Borgdorff M W, Nagelkerke N J, Dye C, Nunn P
Royal Netherlands Tuberculosis Association, The Hague, The Netherlands.
Int J Tuberc Lung Dis. 2000 Feb;4(2):123-32.
To explore whether lower tuberculosis notification rates among women are due to a reduced access to health care, particularly diagnostic services, for women.
Age- and sex-specific tuberculosis prevalence rates of smear-positive tuberculosis were obtained from tuberculosis prevalence surveys reported to the WHO or published in the literature. Age- and sex-specific notification rates from the same countries in 1996 were used.
Prevalence data and notifications from 29 surveys in 14 countries were used.
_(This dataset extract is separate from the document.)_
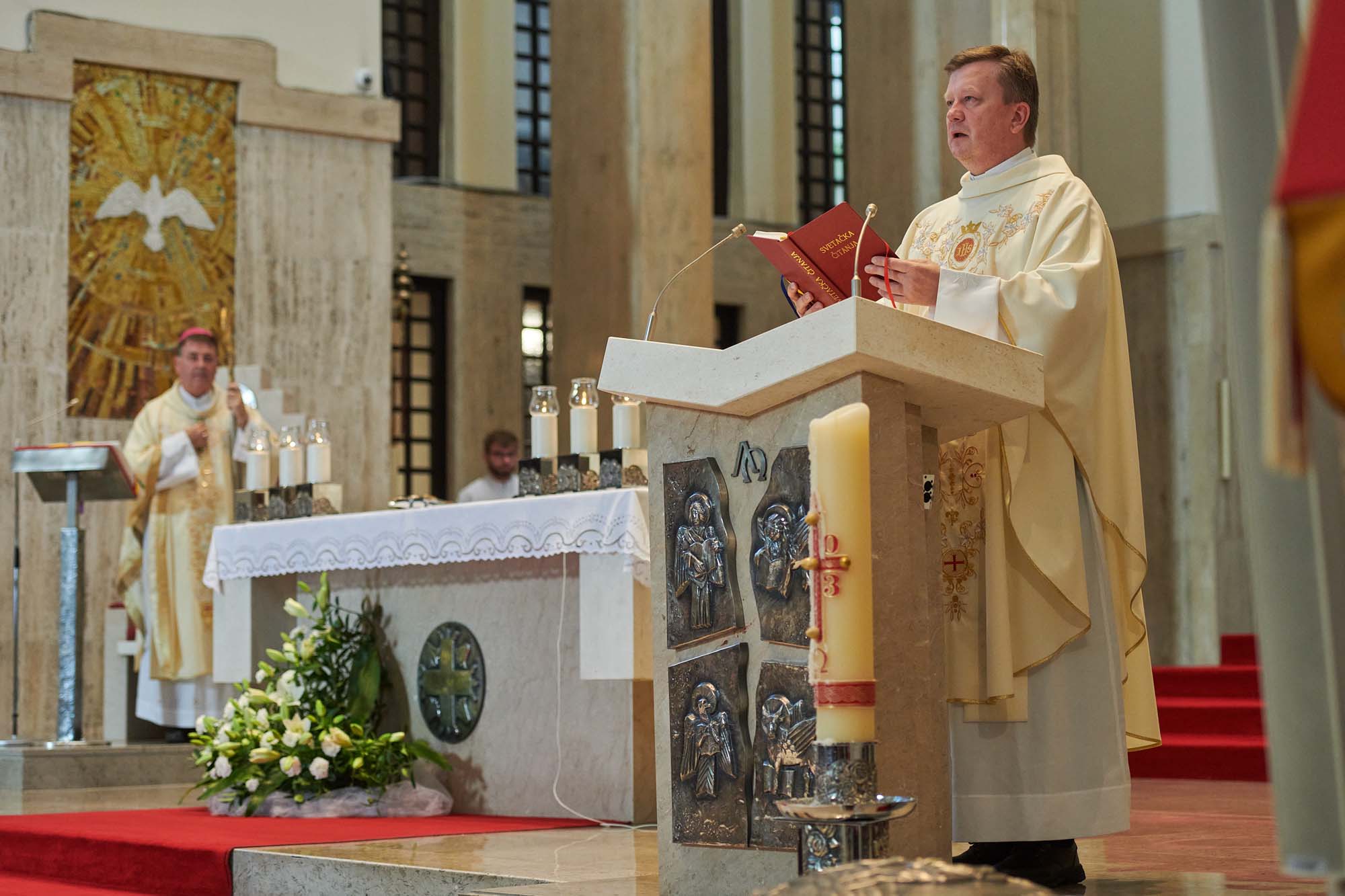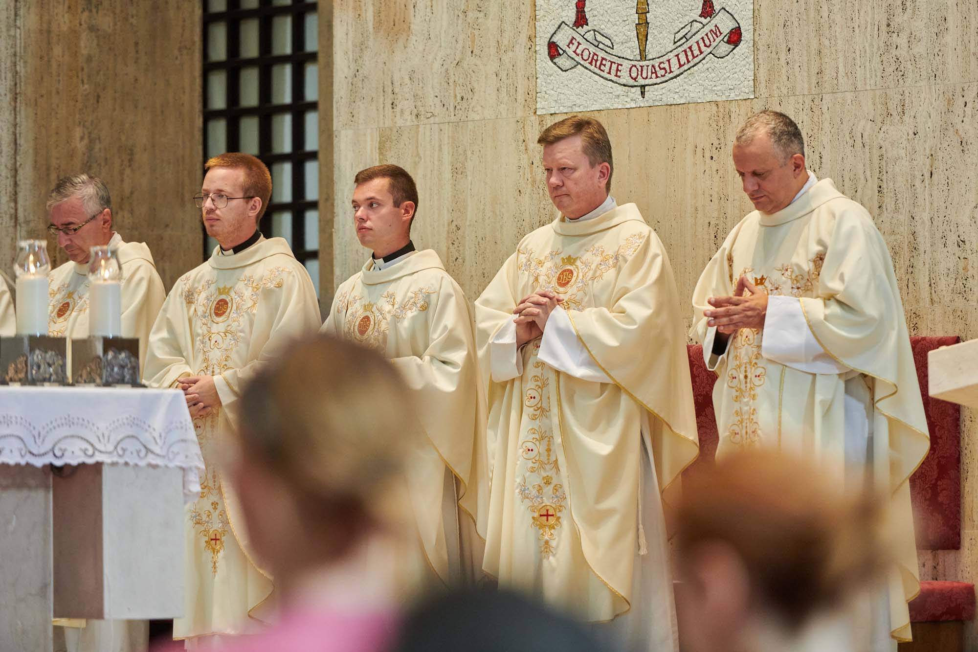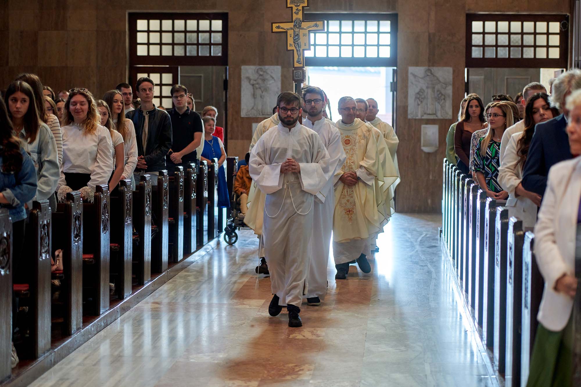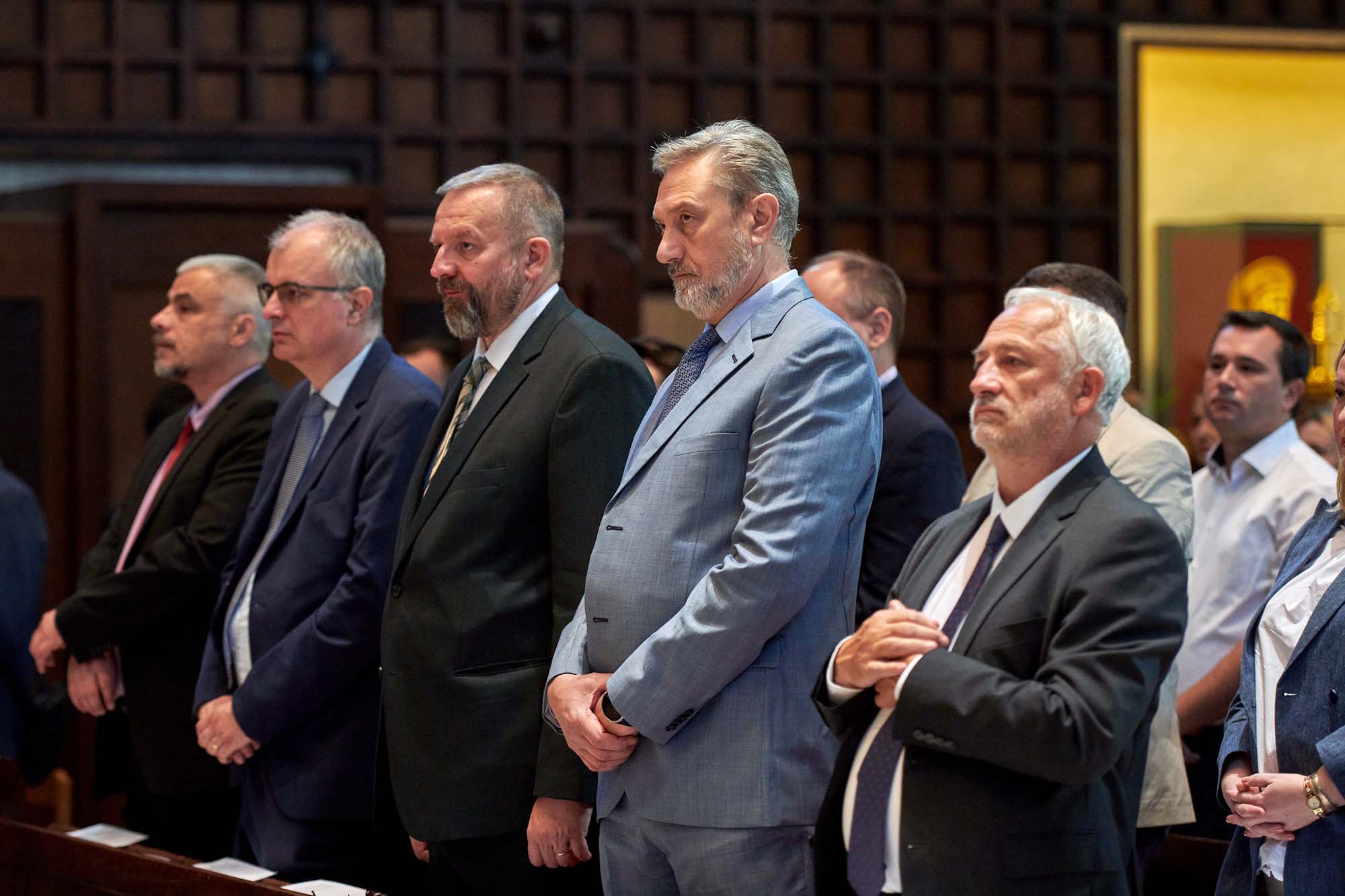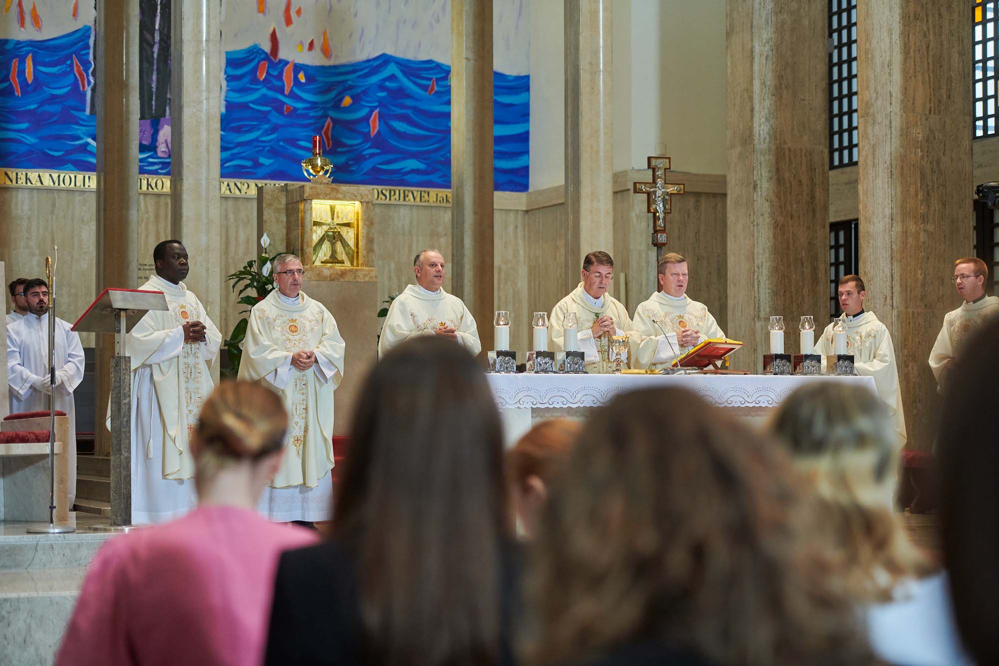 Sveto misno slavlje u crkvi Svetog Antuna Padovanskog na Svetom Duhu, kojem su prisustvovali prorektori, pročelnici, profesori, djelatnici i studenti Hrvatskog katoličkog sveučilišta, predvodio je mons. Ivan Šaško, pomoćni biskup zagrebački i prvi rektor HKS-a, u koncelebraciji s rektorom Hrvatskog katoličkog sveučilišta prof. dr. sc. Željkom Tanjićem, doc. dr. sc. Krunoslavom Novakom, generalnim tajnikom Hrvatske biskupske konferencije, vlč. Branimirom Jagodićem, sveučilišnim kapelanom, vlč. Filipom Šešekom, povjerenikom za mlade Zagrebačke nadbiskupije, prof. dr. sc. Jerkom Valkovićem, sa Sveučilišnog odjela za komunikologiju te doc. dr. sc. Odilonom Singboom s Katedre za teologiju.

Notification rates varied strongly among countries, but the female/male ratio was below 1 and decreased with increasing age in almost all. The female/male (F/M) prevalence ratios were less than 0.5 in surveys in the South-East Asia and Western Pacific Region, and approximately 1 in the African Region.
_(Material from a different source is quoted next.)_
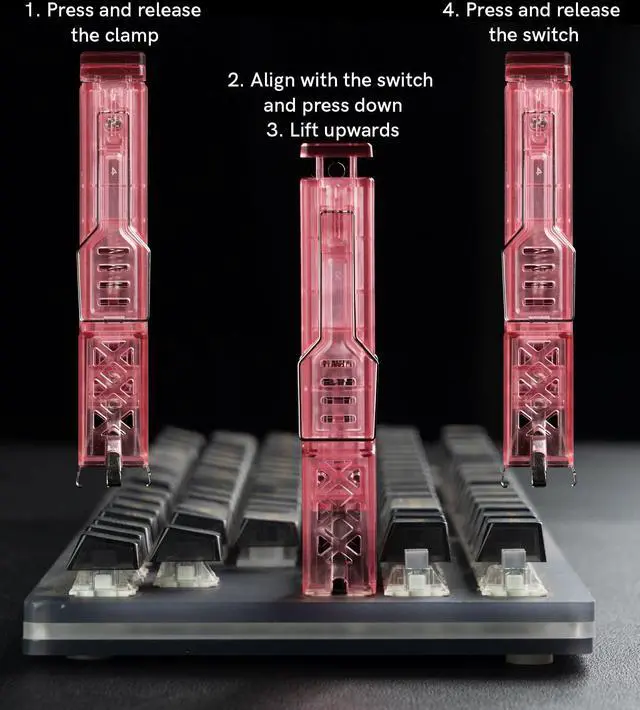 There's no need for your fingers to touch or forcefully control the metal clamp. Simply grip the switch puller, semi-automatically align and grip the switch, and effortlessly remove it.
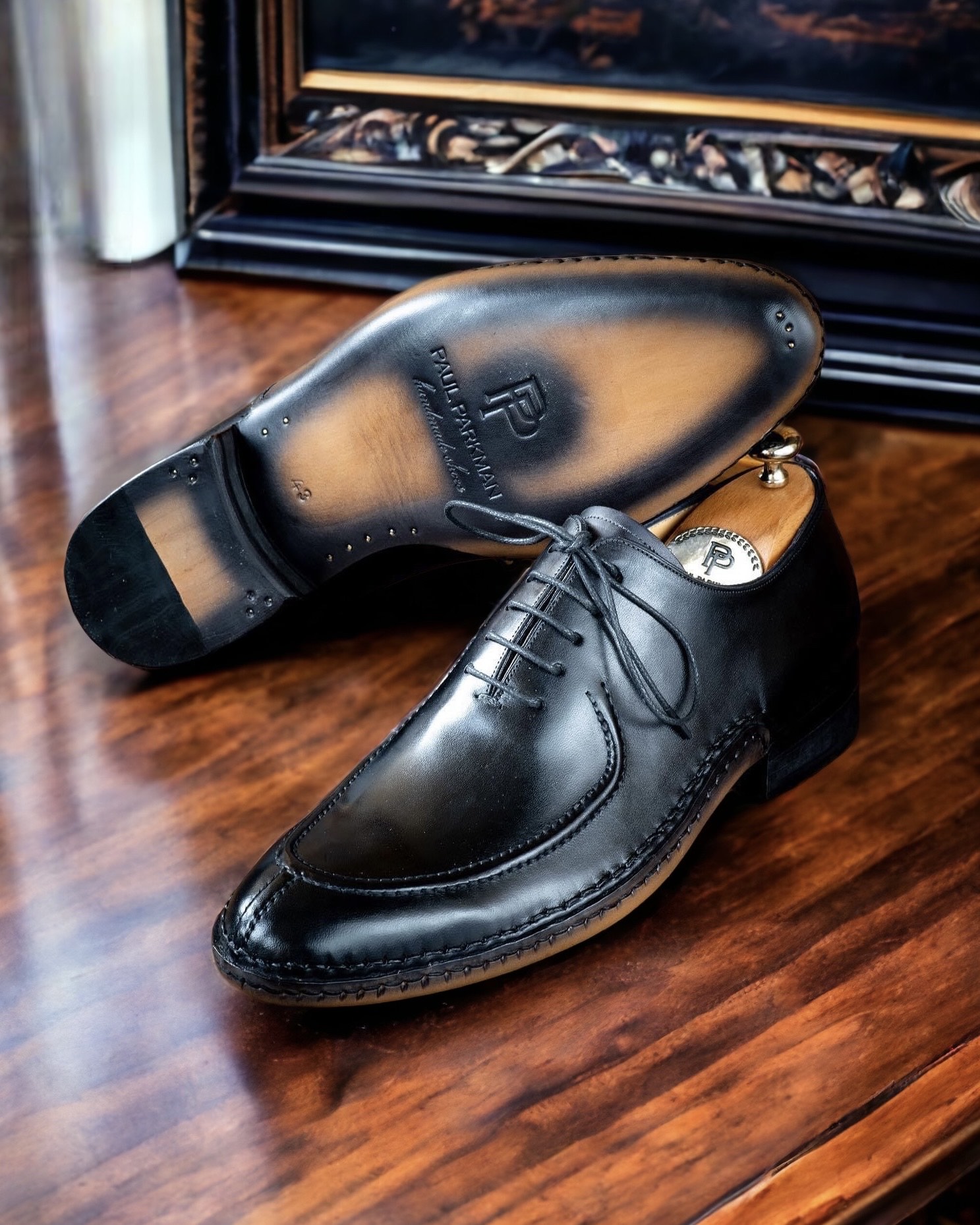 Paul Parkman Opanka Stitched Men’s Split-Toe Black Leather Oxford Shoes

In most countries the F/M sex ratio in prevalent cases was similar or lower than that in notified cases, suggesting that F/M differences in notification rates may be largely due to epidemiological differences and not to differential access to health care. However, available data are limited as the prevalence surveys in Africa were carried out many years ago, and in Asia notification rates may be distorted by a large private sector with deficiencies in notification.
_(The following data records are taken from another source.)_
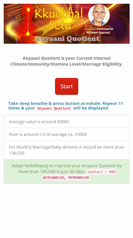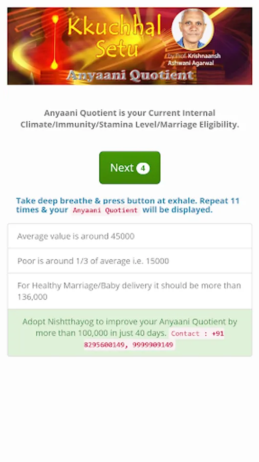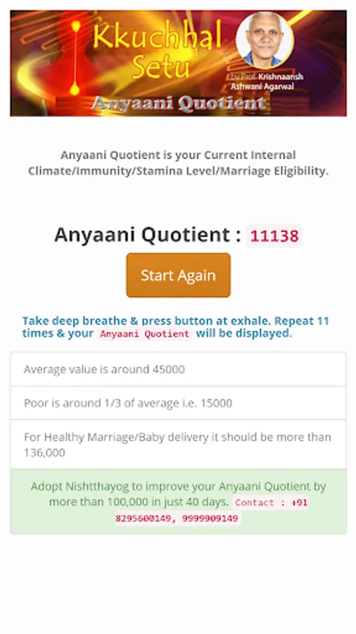 Anyaani Quotient application used to check your Internal Climate/Immunity/Stamina Level/Marriage Eligibility.
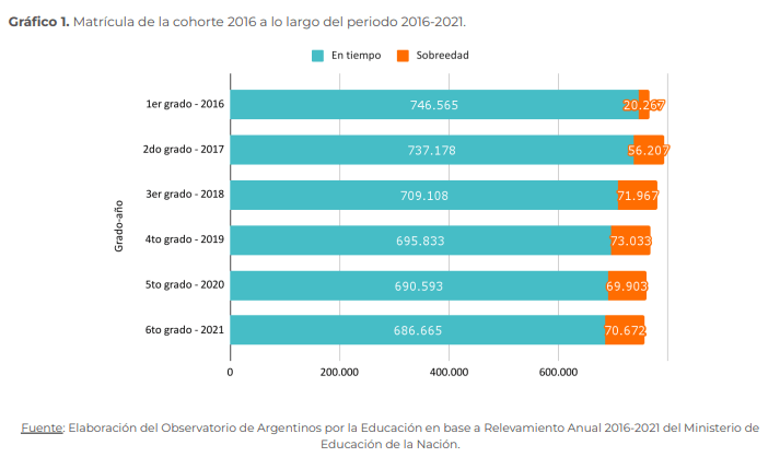 Por ejemplo, con el análisis de la cohorte 2016: en 1er grado en el 2016 entraron 746.565 estudiantes en edad teórica, quienes compartieron escuela con 20.267 estudiantes con sobreedad.
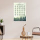 This beautiful 25 table wedding seating chart includes table assignments for 250 guests at the traditional 10 seats per table. The design is rustic elegant with a green pine tree forest shrouded in mist or fog. The title reads: Please find your table, and is written in fancy script calligraphy. There is space for the names of the couple and the wedding date below. Perfect for an outdoor or mountain destination wedding.

探讨女性结核病报告率较低是否是由于女性获得医疗保健服务,尤其是诊断服务的机会减少所致。
涂片阳性结核病的年龄和性别特异性患病率数据来自向世界卫生组织报告或发表在文献中的结核病患病率调查。使用了1996年来自相同国家的年龄和性别特异性报告率。
采用了14个国家29项调查的患病率数据和报告数据。各国的报告率差异很大,但几乎所有国家的女性/男性比例均低于1,且随年龄增长而下降。在东南亚和西太平洋区域的调查中,女性/男性(F/M)患病率低于0.5,在非洲区域约为1。
在大多数国家,现患病例中的F/M性别比与报告病例中的相似或更低,这表明报告率的F/M差异可能主要是由于流行病学差异,而非获得医疗保健服务的差异。然而,现有数据有限,因为非洲的患病率调查是多年前进行的,而在亚洲,报告率可能因私营部门规模大且报告存在缺陷而受到扭曲。